— Activity —
Find all lines in the listing that include the word "cuenta", then copy them.
:: Data extracts ::
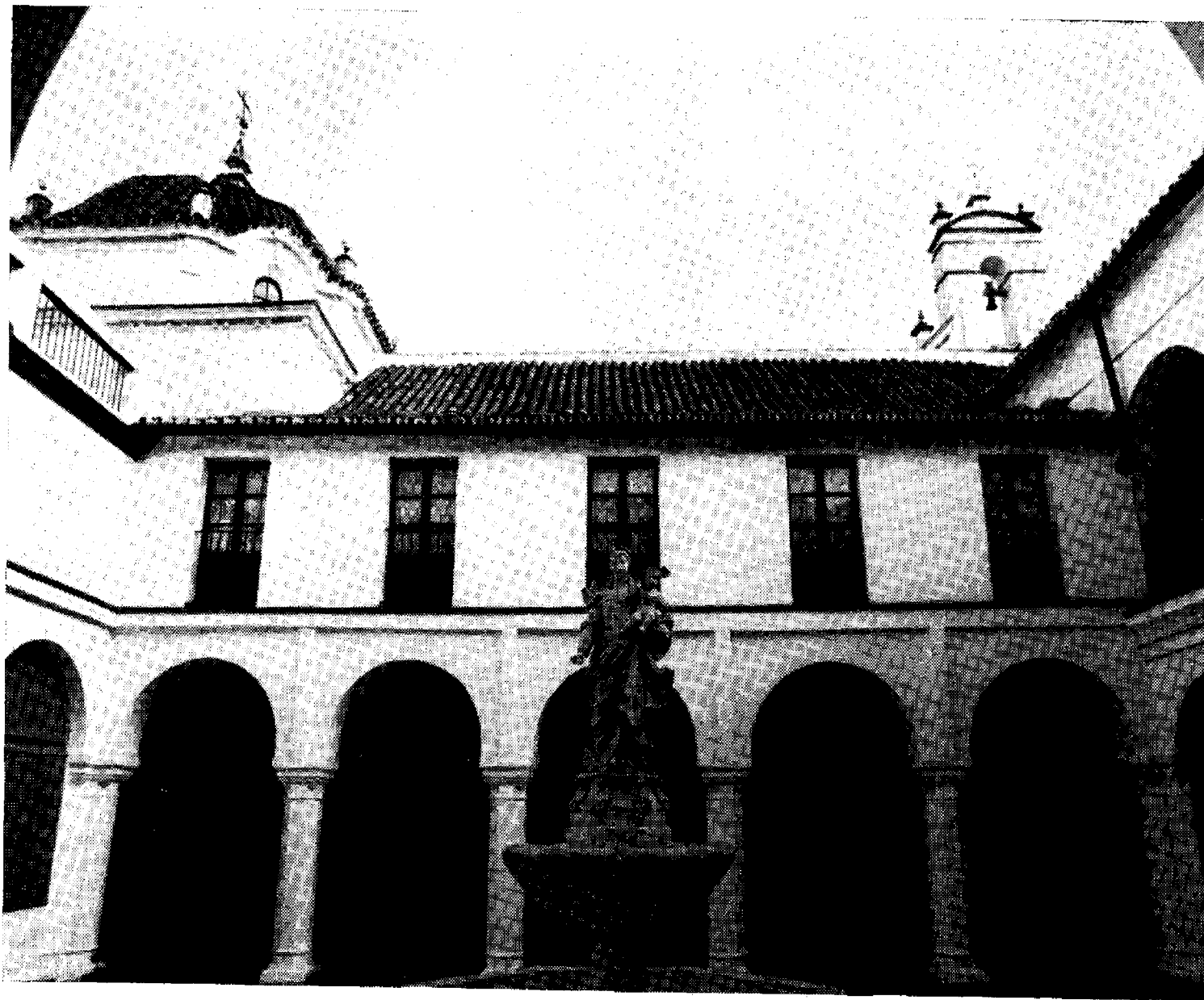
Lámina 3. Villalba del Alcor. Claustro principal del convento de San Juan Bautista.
:::
:: Data extracts ::
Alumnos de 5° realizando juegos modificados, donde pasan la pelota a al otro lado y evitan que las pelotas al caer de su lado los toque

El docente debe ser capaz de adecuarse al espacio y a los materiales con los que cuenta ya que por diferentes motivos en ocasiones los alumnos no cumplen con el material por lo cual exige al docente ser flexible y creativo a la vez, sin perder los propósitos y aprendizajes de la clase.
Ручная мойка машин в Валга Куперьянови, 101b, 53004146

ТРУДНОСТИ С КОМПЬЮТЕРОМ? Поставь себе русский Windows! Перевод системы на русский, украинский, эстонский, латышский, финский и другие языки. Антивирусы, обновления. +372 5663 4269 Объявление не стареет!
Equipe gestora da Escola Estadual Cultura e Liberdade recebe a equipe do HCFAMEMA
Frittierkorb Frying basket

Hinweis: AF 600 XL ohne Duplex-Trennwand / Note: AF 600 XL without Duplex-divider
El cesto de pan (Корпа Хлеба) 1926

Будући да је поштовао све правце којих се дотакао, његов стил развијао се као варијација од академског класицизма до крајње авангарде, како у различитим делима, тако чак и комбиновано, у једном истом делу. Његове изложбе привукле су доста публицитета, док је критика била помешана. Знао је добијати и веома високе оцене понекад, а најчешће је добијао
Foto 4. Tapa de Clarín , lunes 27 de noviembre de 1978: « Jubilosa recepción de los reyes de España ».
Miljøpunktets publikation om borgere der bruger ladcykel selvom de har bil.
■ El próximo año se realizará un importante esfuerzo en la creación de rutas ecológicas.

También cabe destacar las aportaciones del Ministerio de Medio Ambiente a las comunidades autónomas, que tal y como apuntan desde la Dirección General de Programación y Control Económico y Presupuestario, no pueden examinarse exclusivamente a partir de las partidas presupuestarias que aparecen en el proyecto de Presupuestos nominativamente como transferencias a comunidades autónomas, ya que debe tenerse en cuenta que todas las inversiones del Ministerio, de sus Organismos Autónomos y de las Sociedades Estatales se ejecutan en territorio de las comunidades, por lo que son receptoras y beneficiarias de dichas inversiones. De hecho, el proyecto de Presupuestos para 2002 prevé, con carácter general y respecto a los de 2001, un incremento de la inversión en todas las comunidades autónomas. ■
:::
:: Data extracts ::
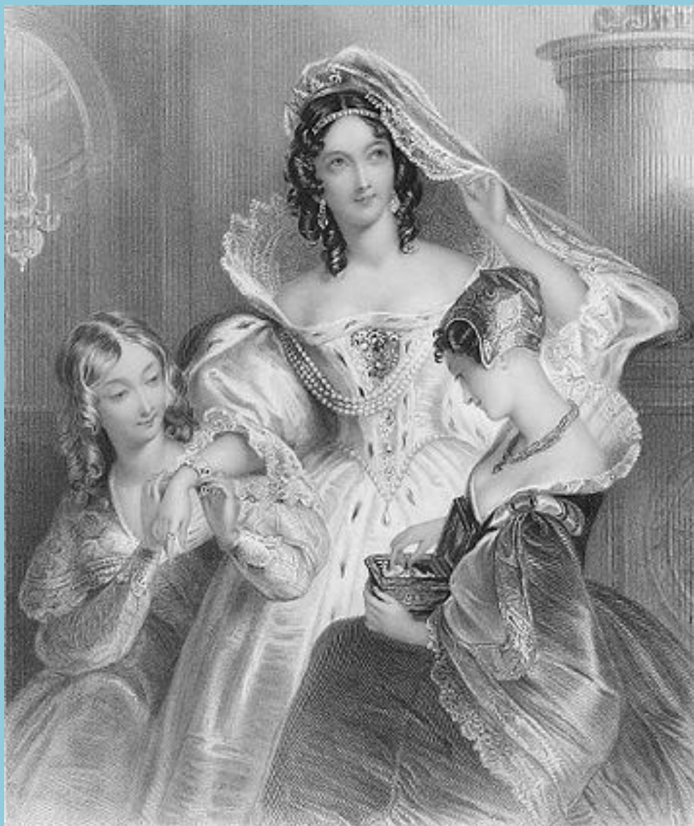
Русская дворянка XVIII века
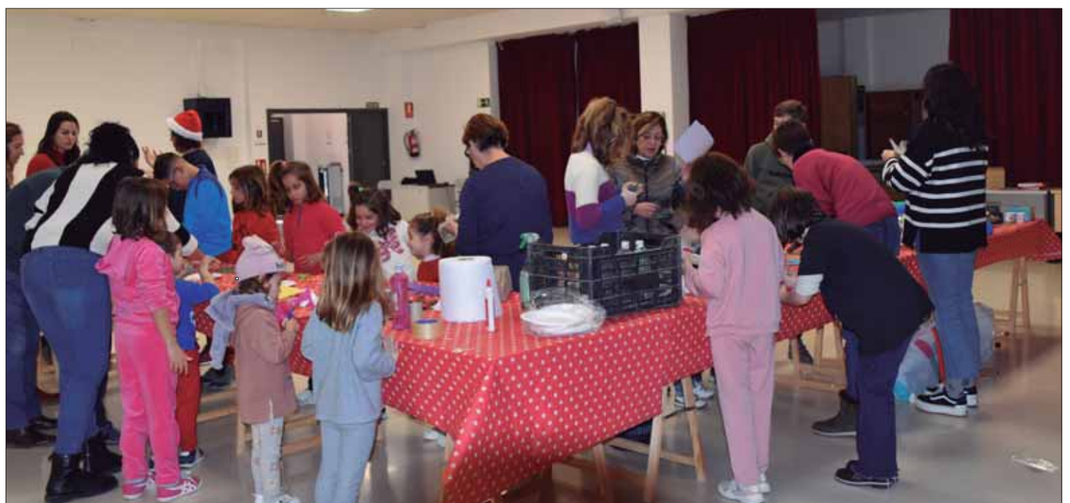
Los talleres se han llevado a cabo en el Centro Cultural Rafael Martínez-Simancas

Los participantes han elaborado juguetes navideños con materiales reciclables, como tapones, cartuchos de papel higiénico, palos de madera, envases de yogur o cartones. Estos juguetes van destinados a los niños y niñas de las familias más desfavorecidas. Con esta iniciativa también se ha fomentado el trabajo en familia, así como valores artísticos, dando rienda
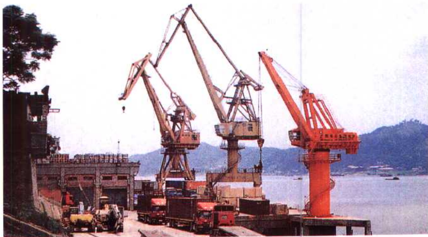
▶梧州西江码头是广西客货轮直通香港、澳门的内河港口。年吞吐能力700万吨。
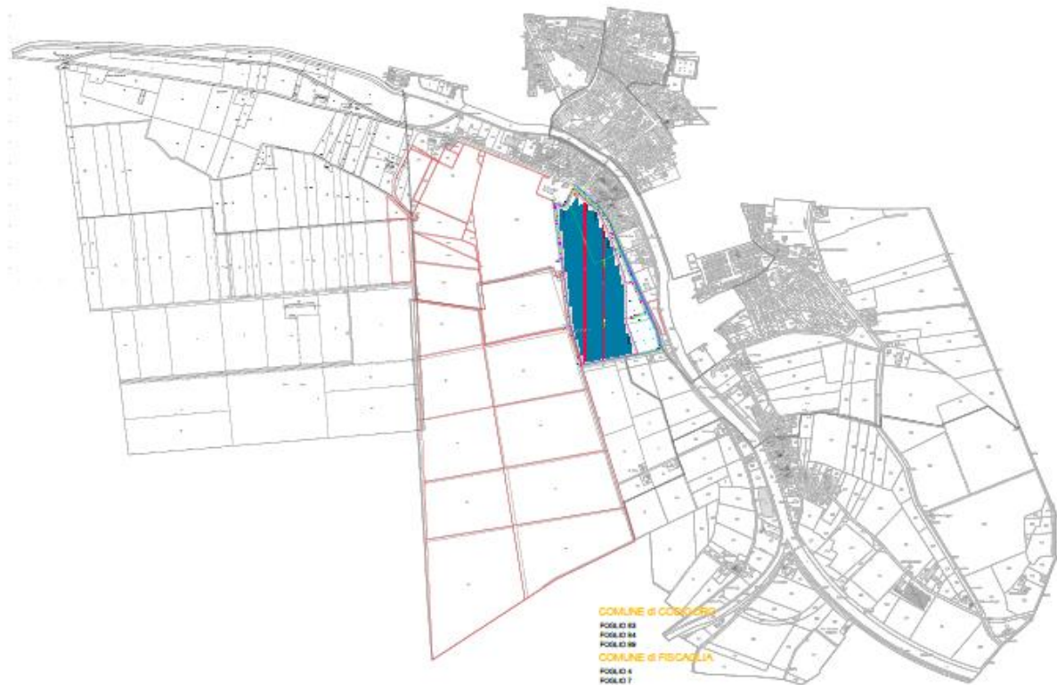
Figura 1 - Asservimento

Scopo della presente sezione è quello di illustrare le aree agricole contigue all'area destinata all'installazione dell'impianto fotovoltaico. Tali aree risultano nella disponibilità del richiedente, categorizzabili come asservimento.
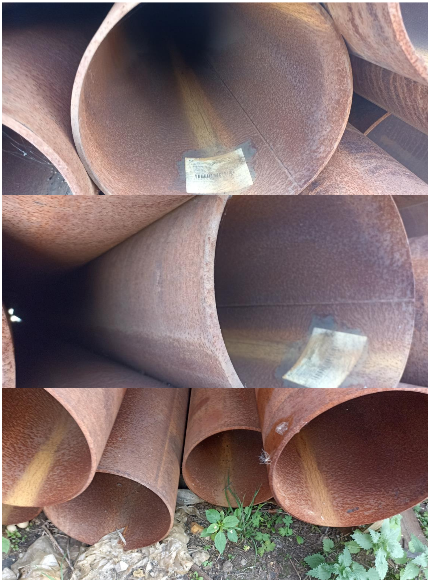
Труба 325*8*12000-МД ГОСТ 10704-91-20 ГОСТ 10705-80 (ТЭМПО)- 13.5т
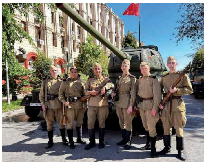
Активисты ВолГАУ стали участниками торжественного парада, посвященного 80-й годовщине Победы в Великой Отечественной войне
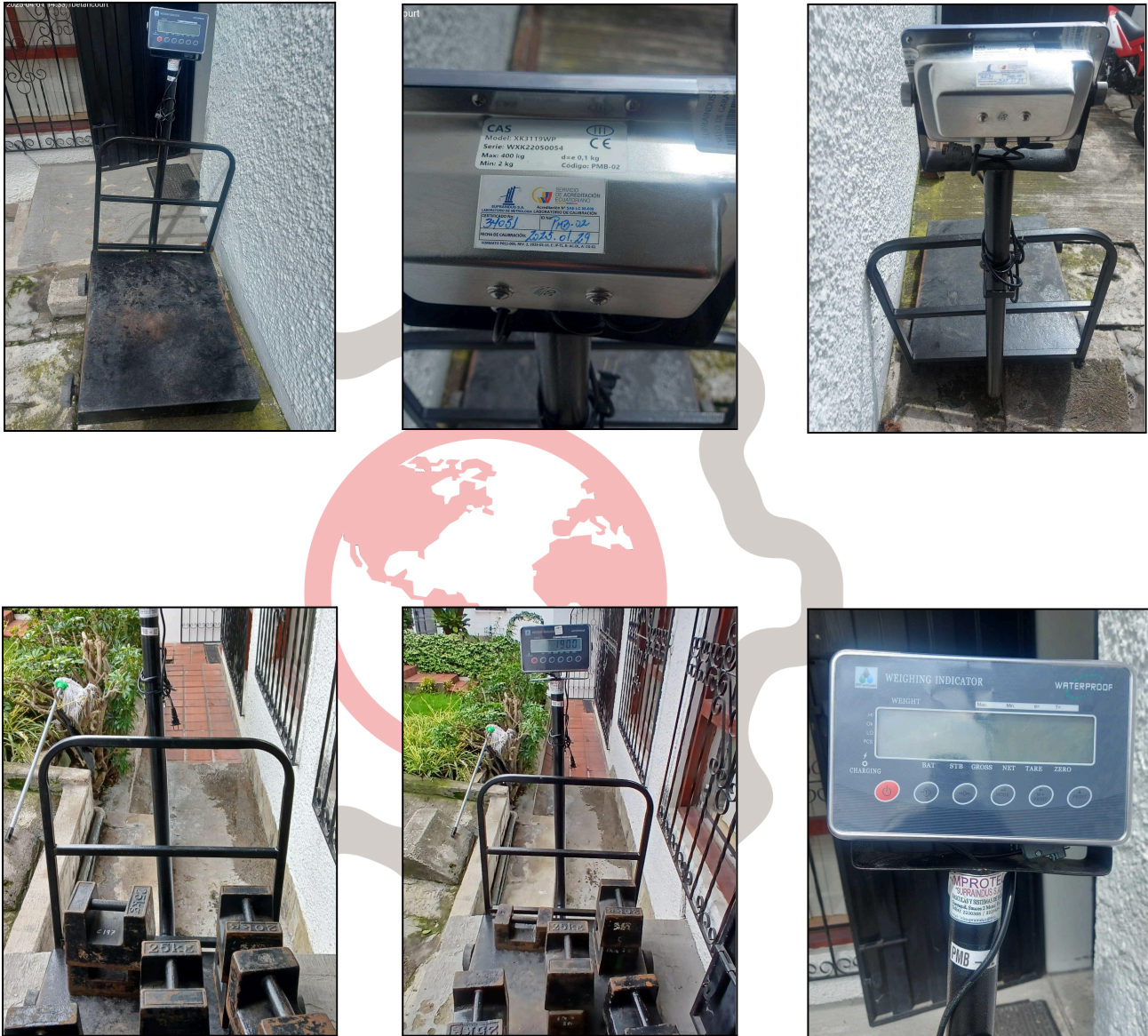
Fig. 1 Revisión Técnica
:::
— Answer below —
El docente debe ser capaz de adecuarse al espacio y a los materiales con los que cuenta ya que por diferentes motivos en ocasiones los alumnos no cumplen con el material por lo cual exige al docente ser flexible y creativo a la vez, sin perder los propósitos y aprendizajes de la clase.
También cabe destacar las aportaciones del Ministerio de Medio Ambiente a las comunidades autónomas, que tal y como apuntan desde la Dirección General de Programación y Control Económico y Presupuestario, no pueden examinarse exclusivamente a partir de las partidas presupuestarias que aparecen en el proyecto de Presupuestos nominativamente como transferencias a comunidades autónomas, ya que debe tenerse en cuenta que todas las inversiones del Ministerio, de sus Organismos Autónomos y de las Sociedades Estatales se ejecutan en territorio de las comunidades, por lo que son receptoras y beneficiarias de dichas inversiones. De hecho, el proyecto de Presupuestos para 2002 prevé, con carácter general y respecto a los de 2001, un incremento de la inversión en todas las comunidades autónomas. ■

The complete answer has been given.